In the meantime however, it means that is has become all-but impossible for young couples to buy a home. Now, you’ll often hear that that’s a result of young people just not working hard enough, or that they don’t know how to save money, and so on. In reality, millennial’s are working more and earning less.

Today’s youth are told they absolutely have to go to college. It’s really not even an option anymore; in today’s world, a college degree is the equivalent of a high-school diploma twenty years ago. That means the average person isn’t really getting a chance to start working until they’re 21 or older, but now they’re starting out life some $50,000 in debt. And, best of all, they graduate expecting to find a job in their specialised field but it turns out there are no real jobs, and definitely none for new graduates; every employer wants experienced employees, with no time for training. Not to mention, those expensive colleges don’t do a very good job of training you for the real world, with no emphasis on interview skills, résumé building, or networking.

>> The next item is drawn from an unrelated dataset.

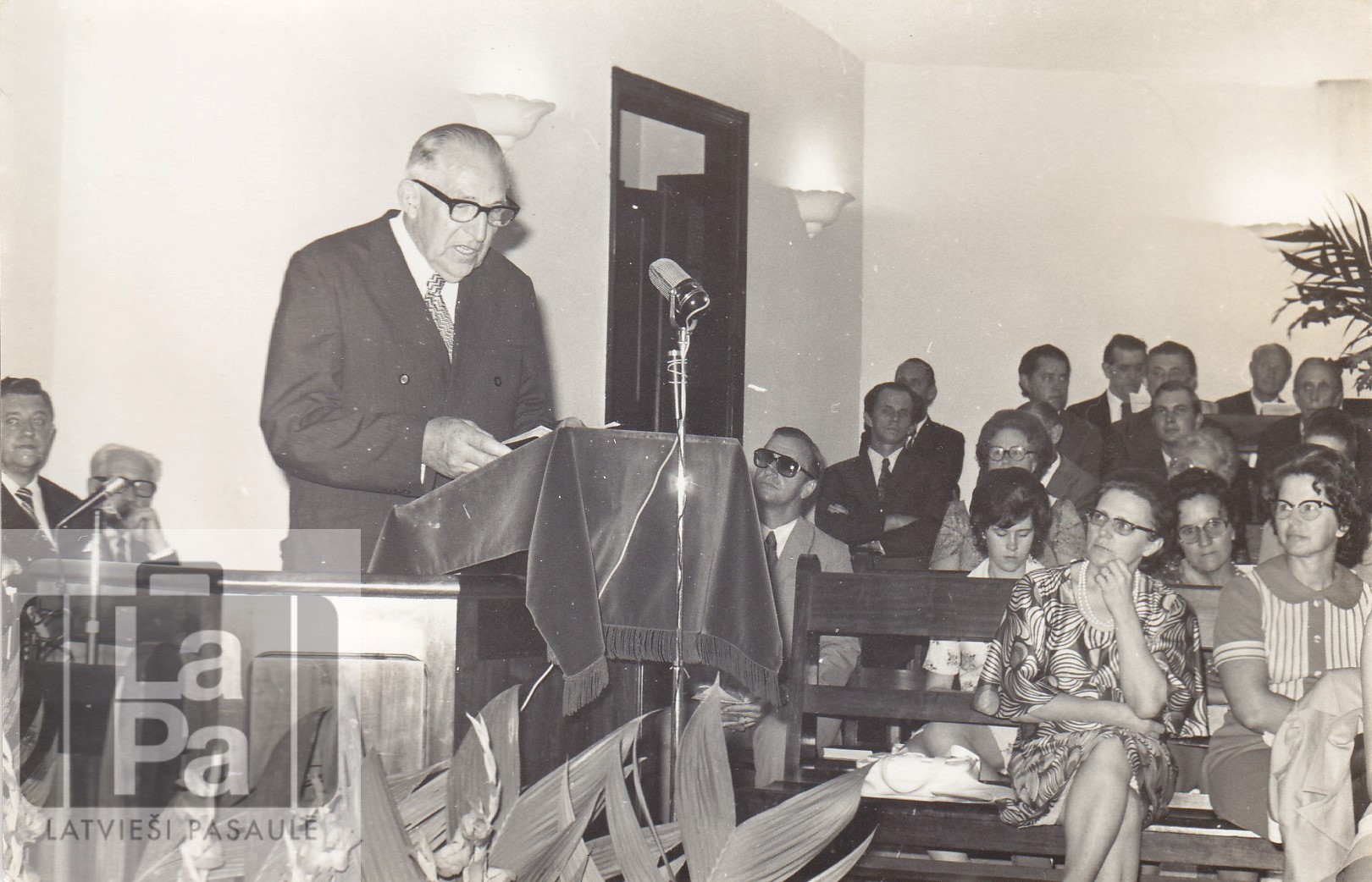 Sanpaulu latviešu baptistu draudzes 40 gadu jubileja 1974. gada 27. oktobrī. Pie mikrofona Jānis (Žanis) Lukašs.
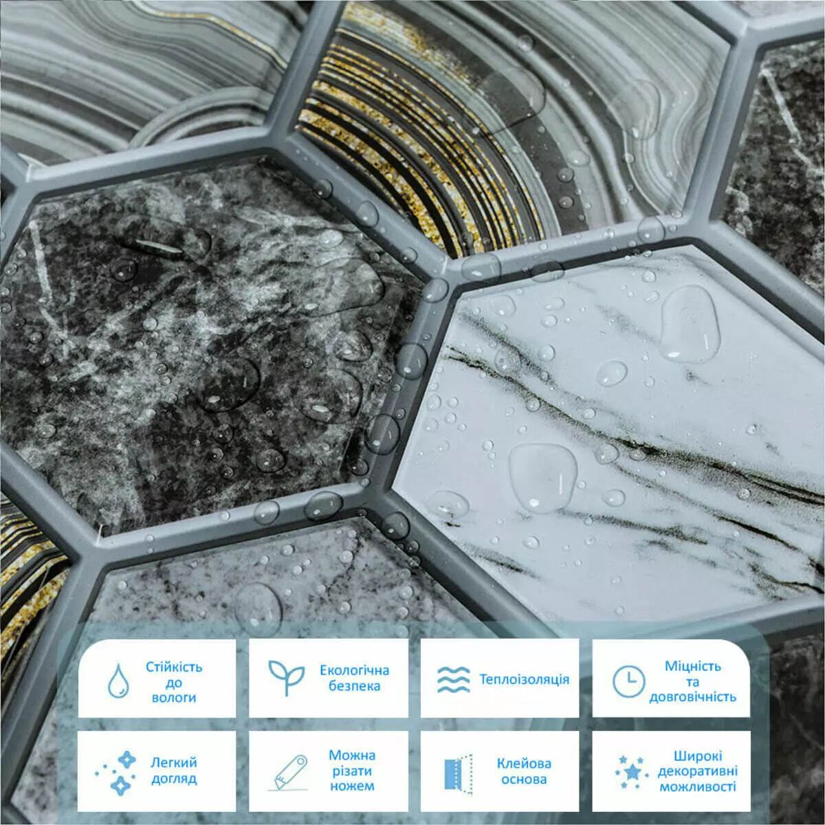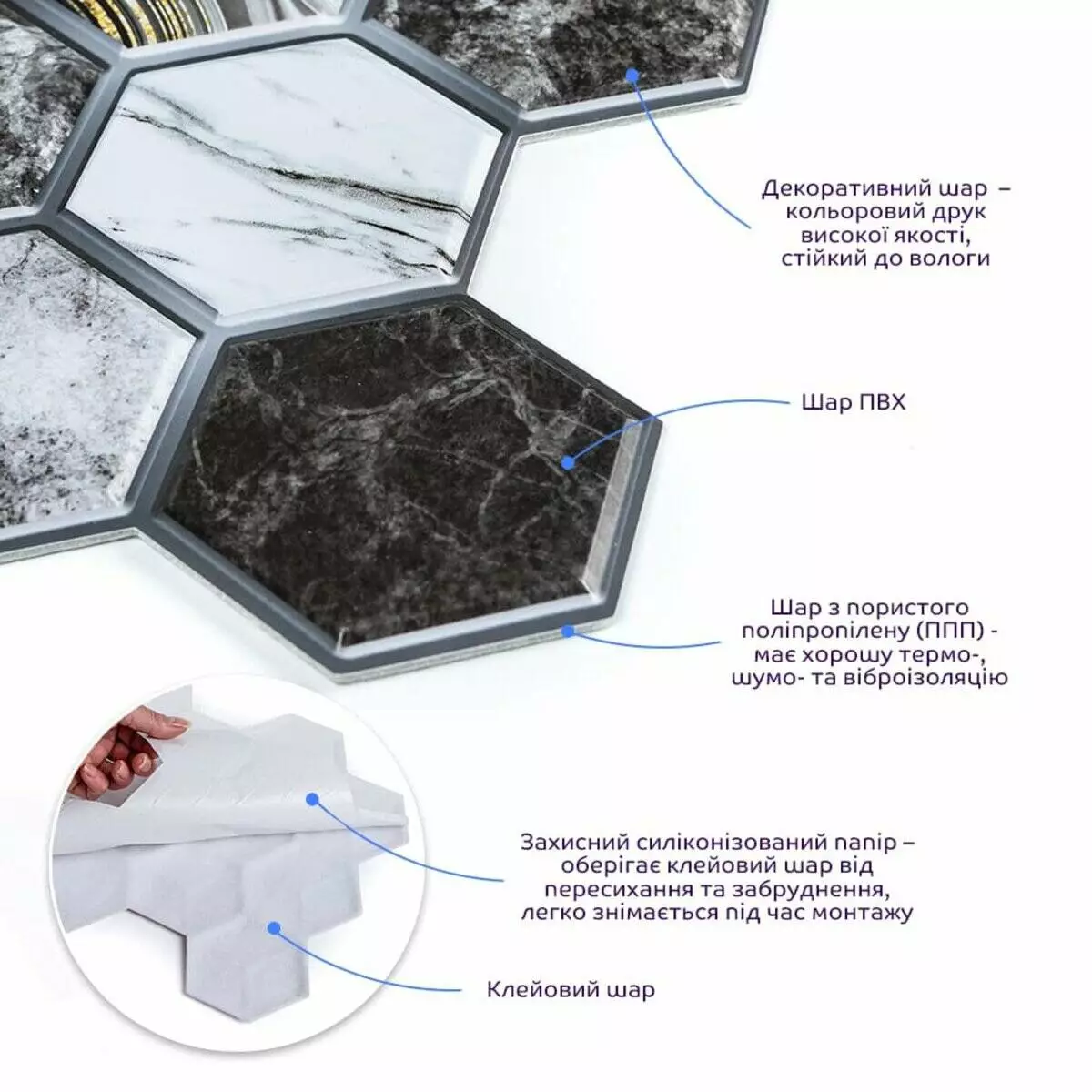 Самоклеючі декоративні панелі СПП - новинка у світі самоклейок. Це невеликі плитки із трендовим малюнком під натуральні матеріали. Прозорий захисний шар із поліуретану захищає покриття від стирання та механічних пошкоджень.

So the majority of college graduates are forced to get jobs outside of their specialised education; jobs that pay minimum wage or just above. And if you don’t come from a wealthy family where you parents just hand you a credit card or give you a car when you’re sixteen, then you’re going to have a really hard time getting out of that rut.

You’re going to be paying hundreds a month on public transport, living in an expensive city, paying huge rent for a bottom-rung apartment, and the bank is going to charge you fees if you have to dip into your overdraft to buy food that month. So now you’re a hundred dollars or more into the overdraft, and your next pay-cheque will earn a little less because of that, meaning you have to dip back into the overdraft to survive, and thus the cycle repeats until you’re deep in the hole. The system is built to keep you in debt and struggling to make ends meet, you’re not encouraged to prosper.

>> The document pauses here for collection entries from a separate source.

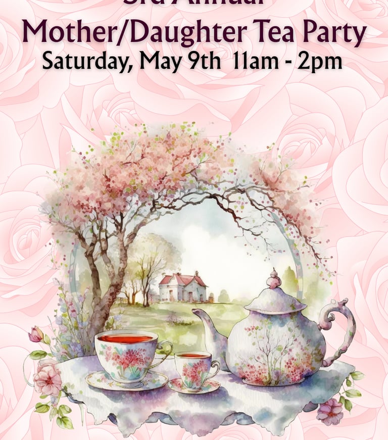Celebrate Mother's Day at our place! Wear your fancy hat and enjoy an afternoon in our party tent. Guests will enjoy delicious tea party treats, fun games and photo ops. We are so excited to partnering with The Candlewick Cove so that each mother/daughter couple can make their very own soy candle together! (additional candle kits can be purchased the day of event).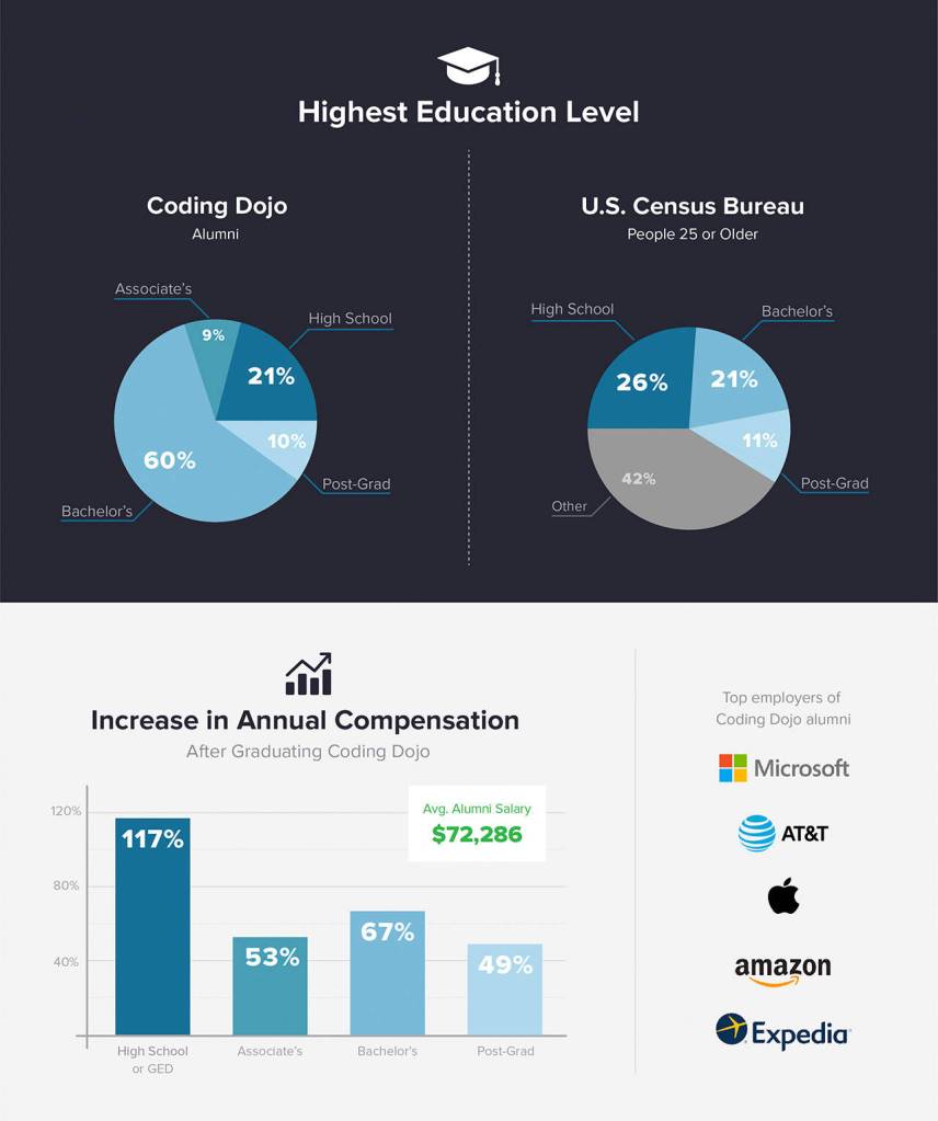 - 60 percent of Coding Dojo graduates began with a bachelor’s degree, in comparison with 21 percent of all Americans 25 or older according to the U.S. Census Bureau.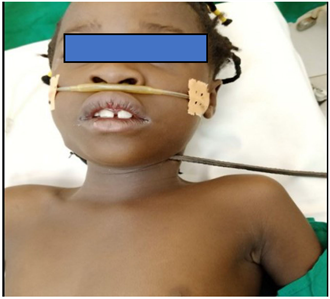 Trauma to the external, open upper airways is serious not only because of the immediate vital risk, but also because of the risk of distant functional sequelae [1] [5] . A thorough understanding of the mechanisms of injury, the warning signs and a good knowledge of the major cervical areas are essential to avoid misdiagnosing the trauma [6] [7] [8] . Our patient received a foreign body in the form of a steel bar on the anterior aspect of her neck. Her condition can be explained by violence during children’s games in a rural environment, due to a lack of supervision on the part of the parents. Asphyxia is the leading cause of death in both closed and open laryngeal trauma. Ensuring permeability of the respiratory tract should be the first step. Management of external trauma to the larynx is based on clinical examination, with nasofibroscopy cervical CT Scan and endoscopy helping to establish a diagnosis of severity and guide treatment. The multidisciplinary team decided to take rapid action, given the limited space available, the emergency situation and the anxieties of the parents. A foreign body in a child’s airways is a paediatric emergency, and one of the most frequent accidents. There are 1500 cases in France every year. In developing countries, the frequency is underestimated [9] [10] [11] . Most authors report that this accident occurs at the age of grasping, from 6 months to 3 years, with a peak around 4 years, and is predominantly male [12] [13] [14] . Our particular case involved a 7-year-old female child who, while playing with her friends, was hit in the neck by a projected steel bar. We note that foreign bodies often occur as a result of a daytime accident in a healthy child at a specific time (during a meal or a game). In 80% of cases, questioning reveals the notion of a penetration syndrome, reflecting a reflex to protect the respiratory tract. This syndrome includes vocal cord closure, laryngeal spasm, resulting in a hacking cough after a sudden attack of suffocation with cyanosis followed by dyspnea, cardiovascular and neurological signs [15] [16] . Our patient did not present with penetration syndrome or vocal cord closure, which could be explained by the particular location of the foreign body (Figure 1 and Figure 2). The presence of a foreign body in the respiratory tract leads to a false route, dyspnoea with signs of struggle, oedema and infection. An edema 0.5 cm in diameter is enough to reduce the subglottic airway by 75% [17] [18] . The nature of the foreign body varies according to the environment and eating habits. It may be organic or inorganic (fish bones, pearls, peanuts, metal, etc.) [19] . Our patient presents with a rigid metallic body made of steel. The clinical symptomatology depends on the location of the foreign body (Table 1). The examination should be brief, auscultation for bronchial rales, paraclinical radiography of the neck and lungs face and profile, blood gases and a standard work-up for endoscopy: CBC, GS/RH, TP, TCK; should be carried out within a short time, which was not done in our patient for lack of means, as the parents had a low socio-demographic level. Treatment was aimed at extracting the foreign body, to be prevented by informing the parents of the seriousness of the accident, and using visible and radio-opaque toys [20] [21] .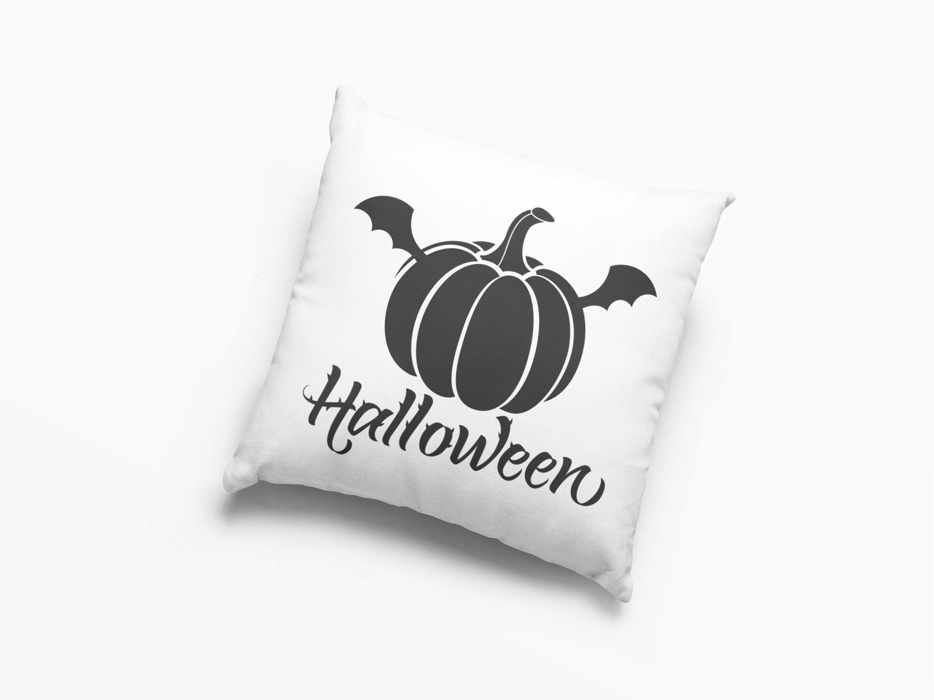 Halloween Black text -Pumpkin With Wings -Halloween Theme Pillow Covers (Pack Of 2)
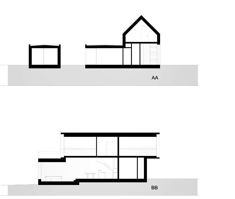 Das mit Satteldach entworfene Wohnhaus versucht die Aufgabe auf die wesentlichen geometrischen Grundformen eines Eckgebäudes zu reduzieren. Die Fensteröffnungen folgen selbstverständlich der geometrischen und statischen Logik der Kubatur. Große raumhohe Öffnungen werden nur an solchen Stellen platziert, welche die Geometrie der Baukörper verstärken, aber trotzdem die inneren Funktionen natürlich unterstützen. Ein Winkelgrundriss mit angrenzendem Nebengelass bildet einen kleinen Hof und folgt damit der typisch regionalen Typologie des Hofhauses.

As such, it’s likely credit scores aren’t in good condition and that’s the least of the person’s concern if they’re struggling to put food on the table. However that, and an obvious inability to save due to low income and high prices, means owning a home is nigh on impossible. Ironically, the people saying millennial’s are destroying everything, lazy, and poor, are the same people who are paying them tuppence and expecting 50+ hour work weeks.

And that’s why it’s nearly impossible for young people to buy a home; the cost of homes is sky-rocketing, while their income is certainly not. Buying a home in the GTA is extremely unlikely for anyone who doesn’t come from a wealthy family, and that means they’re either going to rent their entire lives or leave the area. Neither is good for the economy and something has to change.

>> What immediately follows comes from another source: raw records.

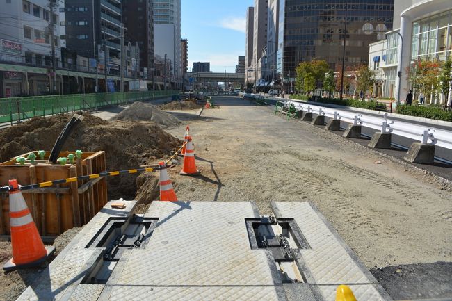現在、阪堺電車の線路つけかえ工事をしています。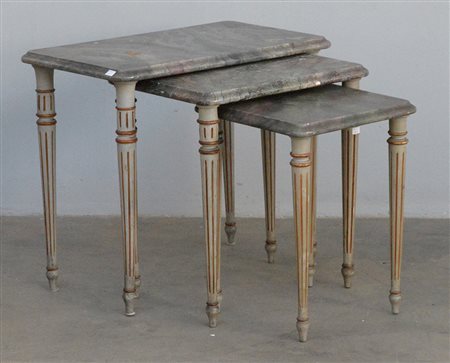 Tre tavolini da salotto in legno laccato con gambe rastremate e piani dipinti a finto marmo (difetti)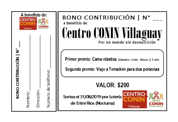 El Centro CONIN Villaguay, que trabaja en la prevención de la desnutrición infantil, lanza una rifa a fin de generar recursos para sostener el funcionamiento y realizar un entrepiso para acondicionar una sala de estimulación y consultorio profesional.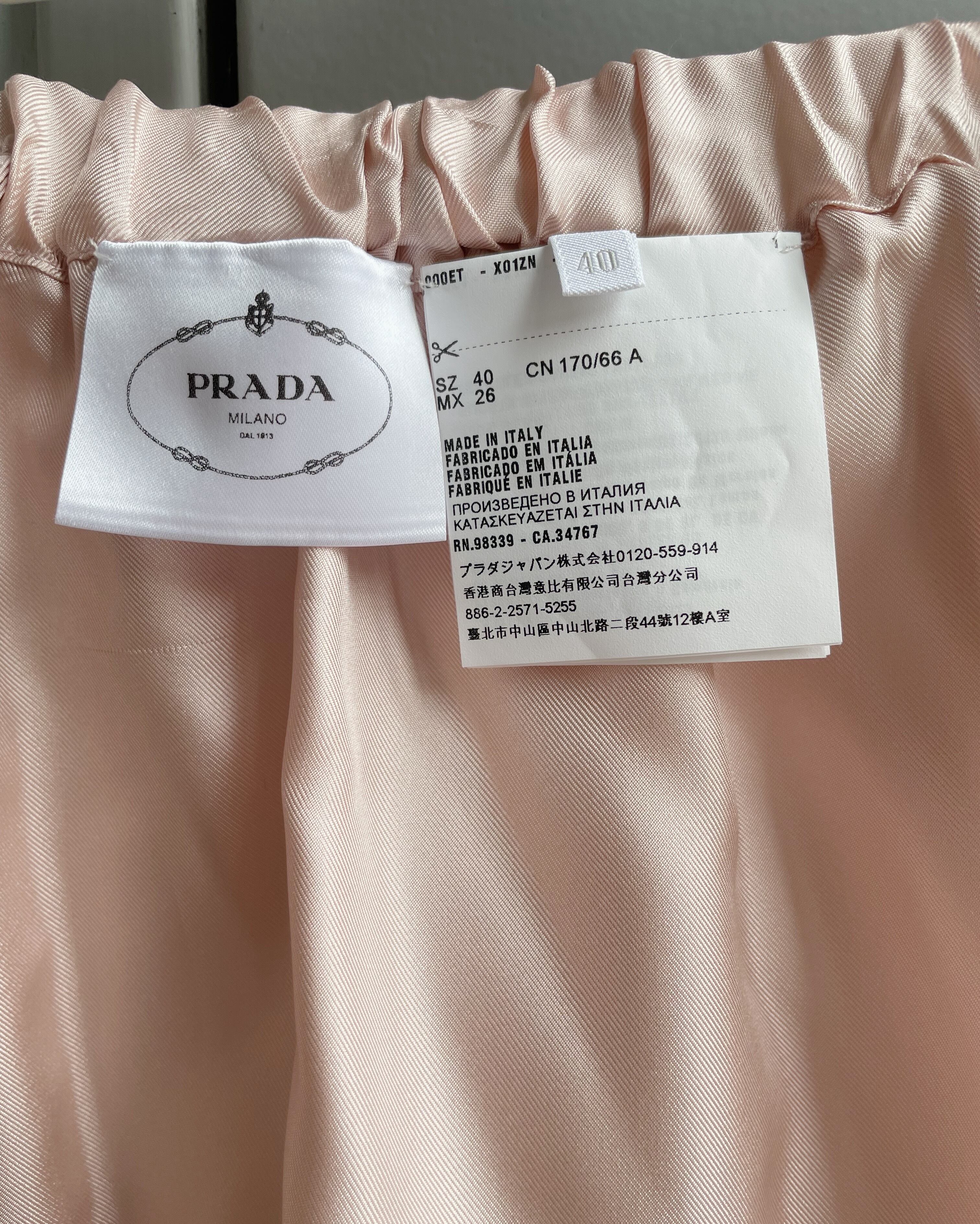 裾に施されたパイピングなどさり気ないディテールからプラダらしさを感じさせます…

The Trudeau Government is aiming to make it easier for young people to own homes by increasing the maximum amortization period to 30 years for first-time buyers, by maximising the amount of RRSP funds first-time buyers can attain through the Home Buyers’ Plan from $25,000 to $35,000, or $70,000 for couples buying together. It also plans to help offset mortgage costs with the new First Time Home Buyers’ Incentive. So there is a small light on the horizon for those who want a home but simply can’t afford it.

So next time you wonder why it is that young people aren’t homeowners by the time they’re 20, maybe take some of this into account. Understand that they’ve been handed nothing in life, have no savings or family to fall back on, and work their butts off just to survive. It’s a hard life out there for millennial and maybe cut them a little slack.